How would you go about trying to write a program that can do this?

Searching and extracting text from files is remarkably complicated. Fortunately, computer scientists have solved this problem. The solution has been adopted by nearly all programming languages. The solution is to use what are called regular expressions.

Regular Expressions in Python

Regular expressions can look scary, but are pretty simple once you understand the rules. The syntax for regular expressions appeared and was standardised in the Perl language, and now nearly all programming languages support “Perl Compatible Regular Expressions” (PCRE). Python provides the re and regexp modules, that support most of PCRE. Let’s take a look using re.

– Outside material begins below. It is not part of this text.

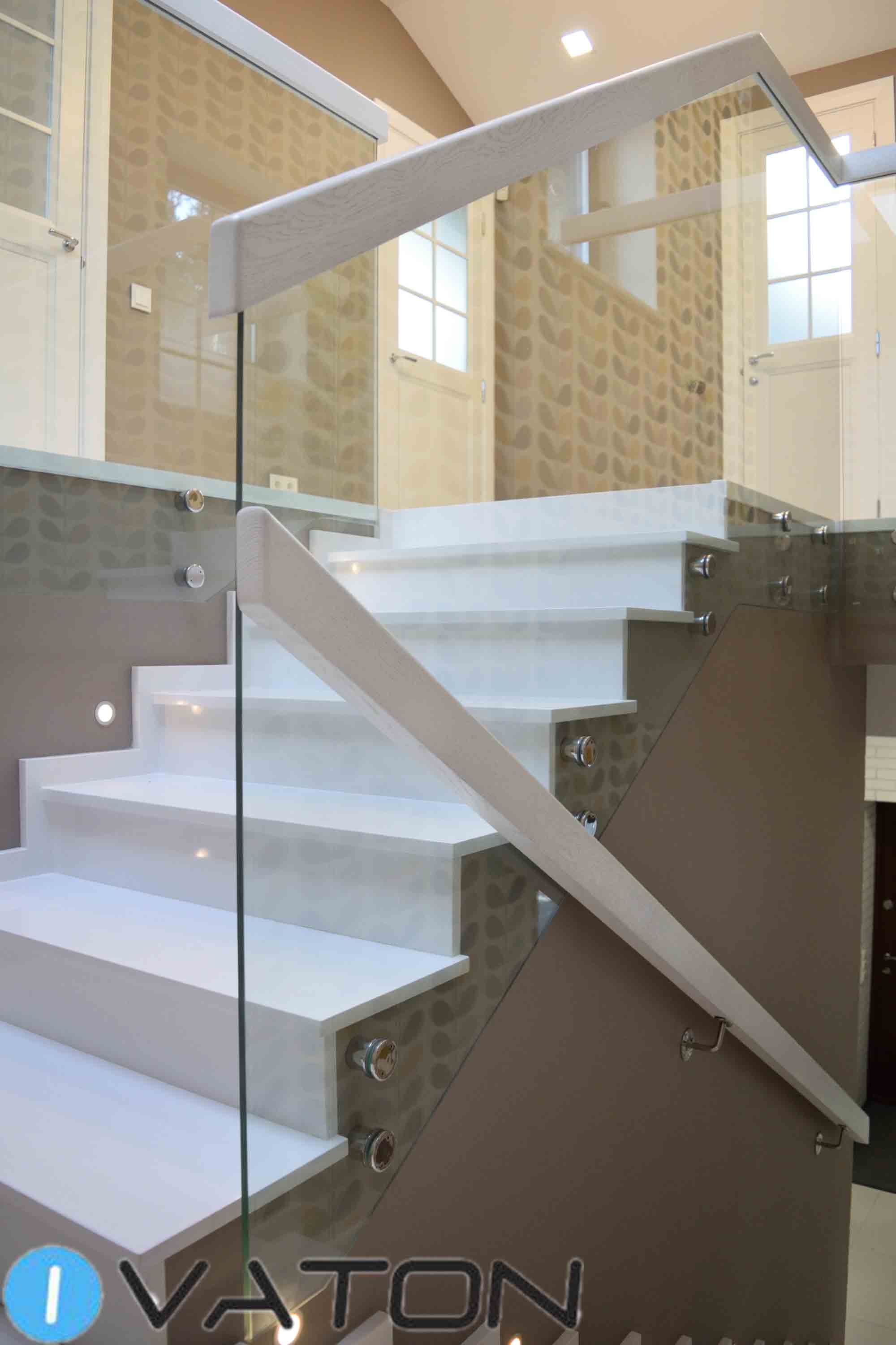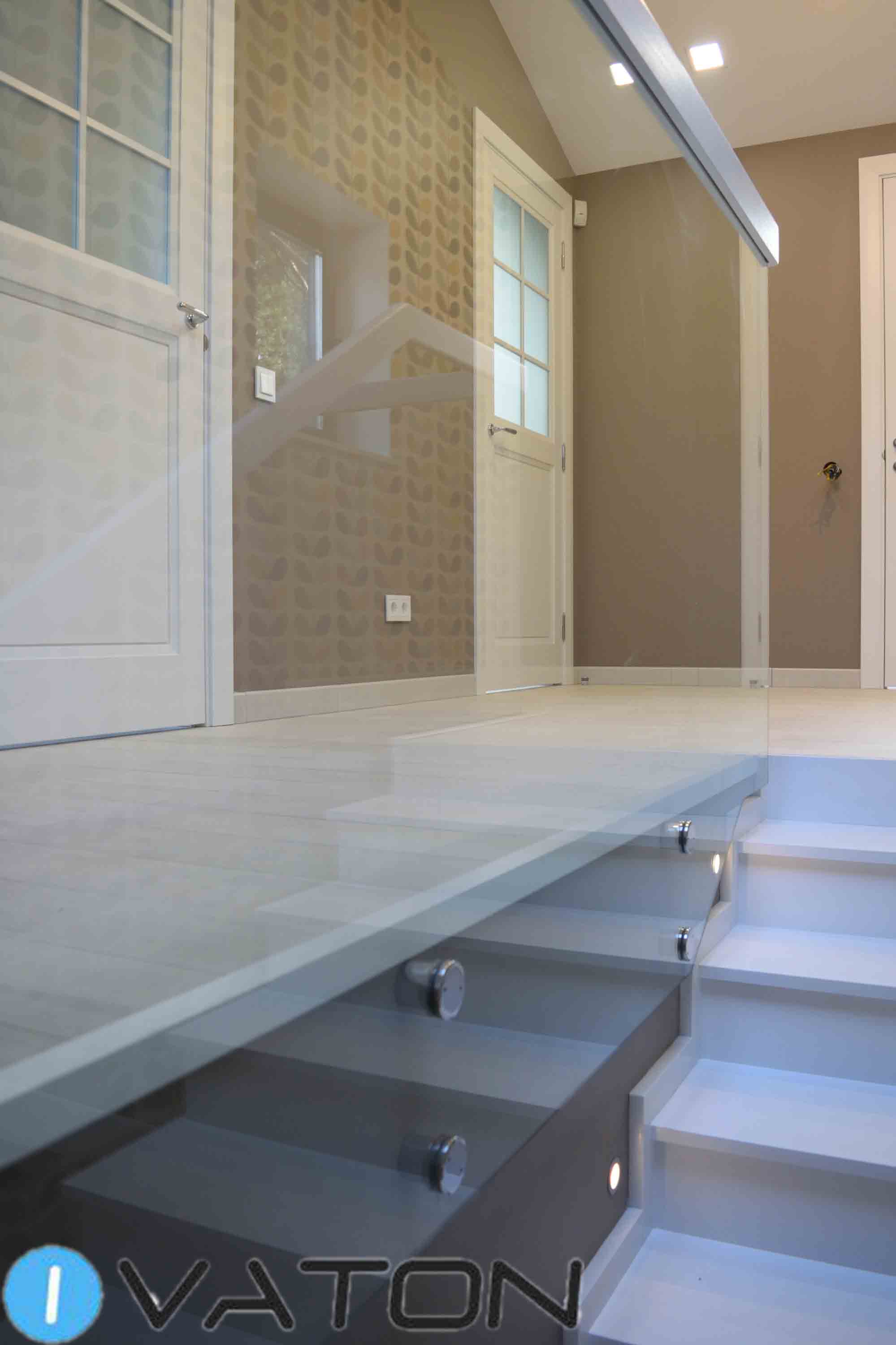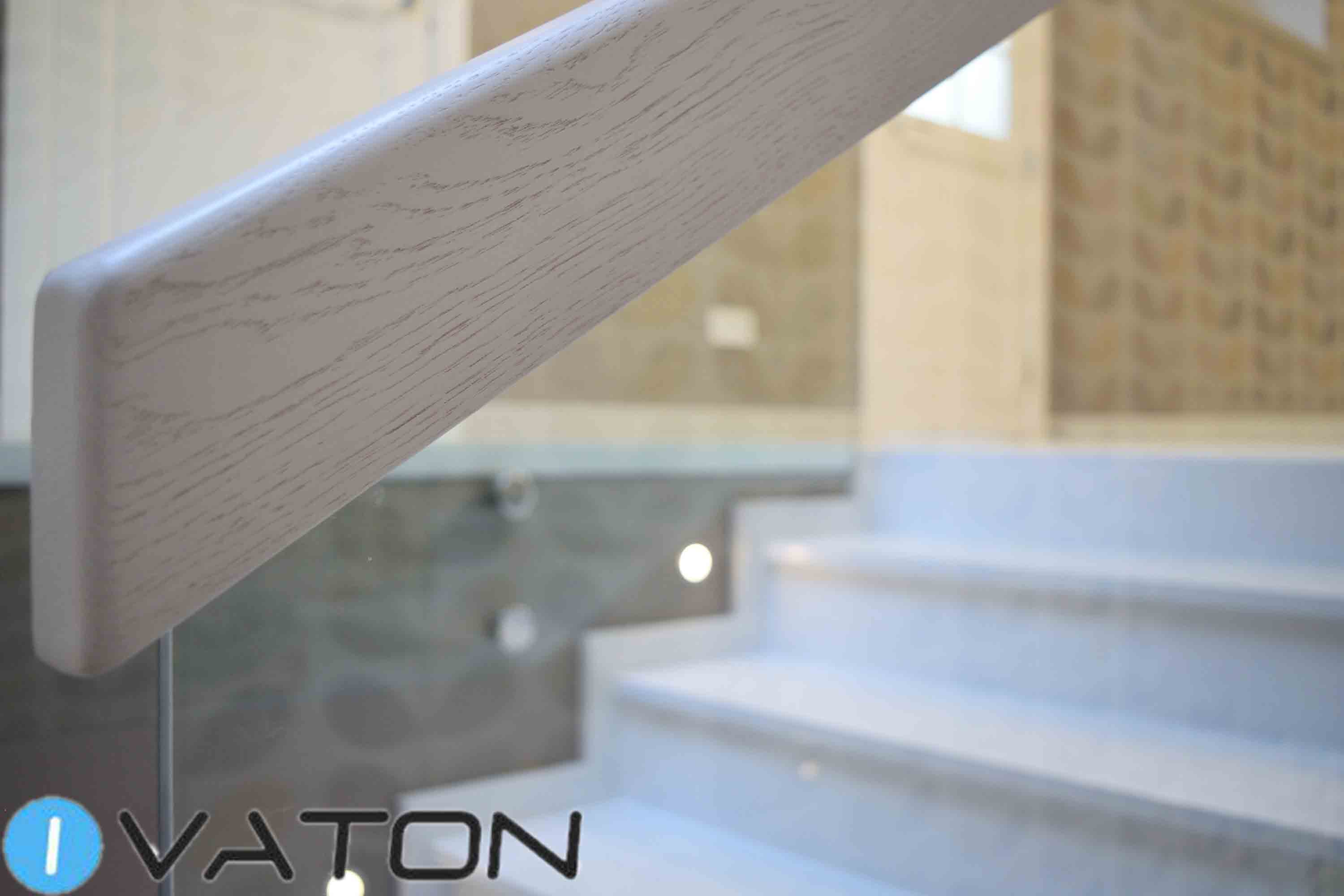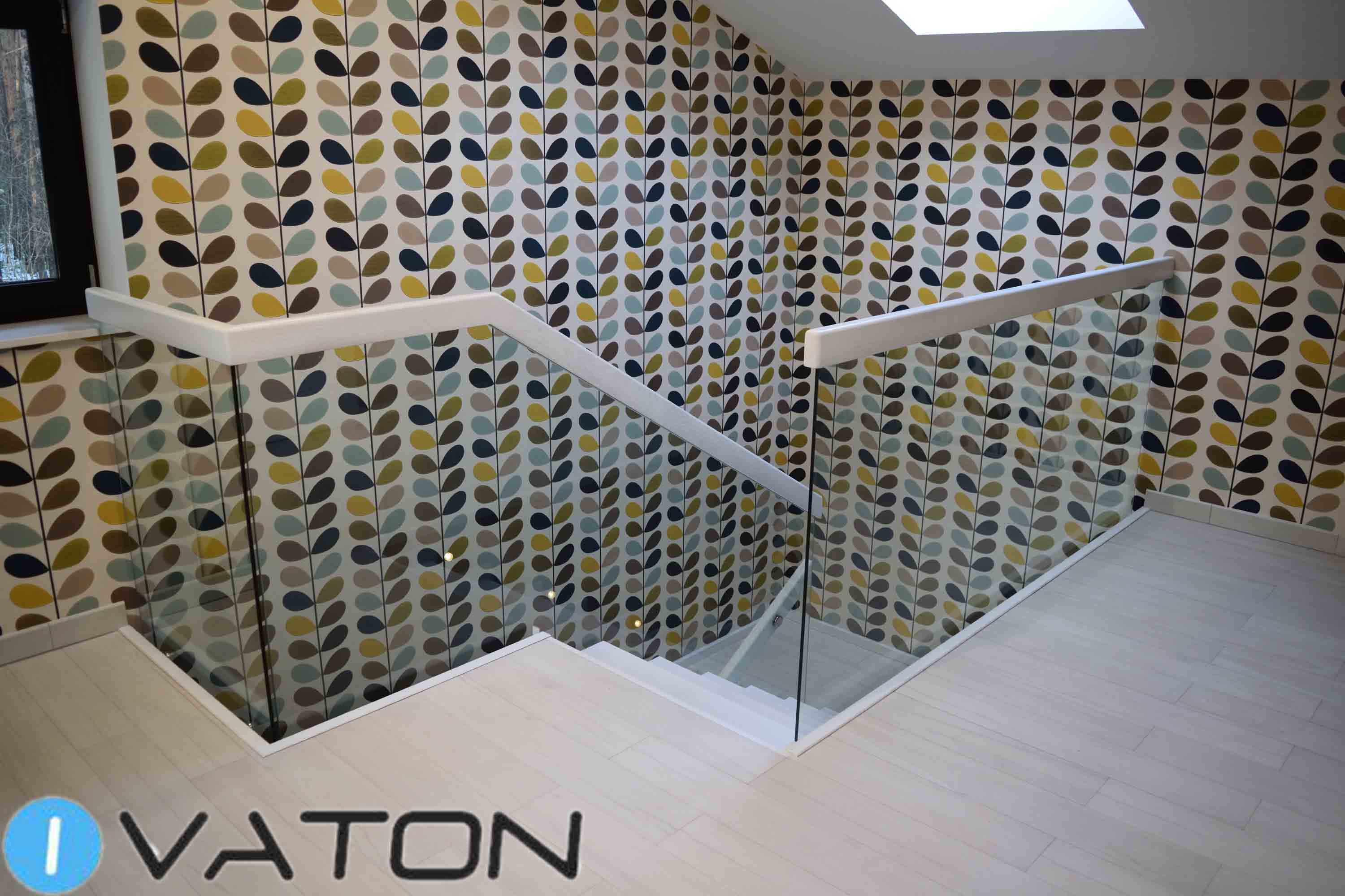 В этом ограждении использовано закаленное стекло толщиной 10мм., с боковым креплением с помощью специальных кронштейнов из нержавеющей стали. Сверху - светлый прямоугольный поручень из массива дуба, под бесветным паркетным лаком. Интересный момент - крепление пристенного поручня на кронштейнах из нержавеющей стали.

Open a new ipython session and type;

import re
help(re)

This will show you the help for the re module, which should look something like this;

Help on module re:

NAME
    re - Support for regular expressions (RE).

FILE
    /path/to/re.py

MODULE DOCS
    http://docs.python.org/library/re

DESCRIPTION
    This module provides regular expression matching operations similar to
    those found in Perl.  It supports both 8-bit and Unicode strings; both
    the pattern and the strings being processed can contain null bytes and
    characters outside the US ASCII range.

Regular expressions can be used for three things; Searching, pattern extraction and replacing.

Regular Expression Searching

Searching is when you want to look some text in a file. Here is the text for Hamlet’s soliloquy. Copy and paste this into a text file called textfile.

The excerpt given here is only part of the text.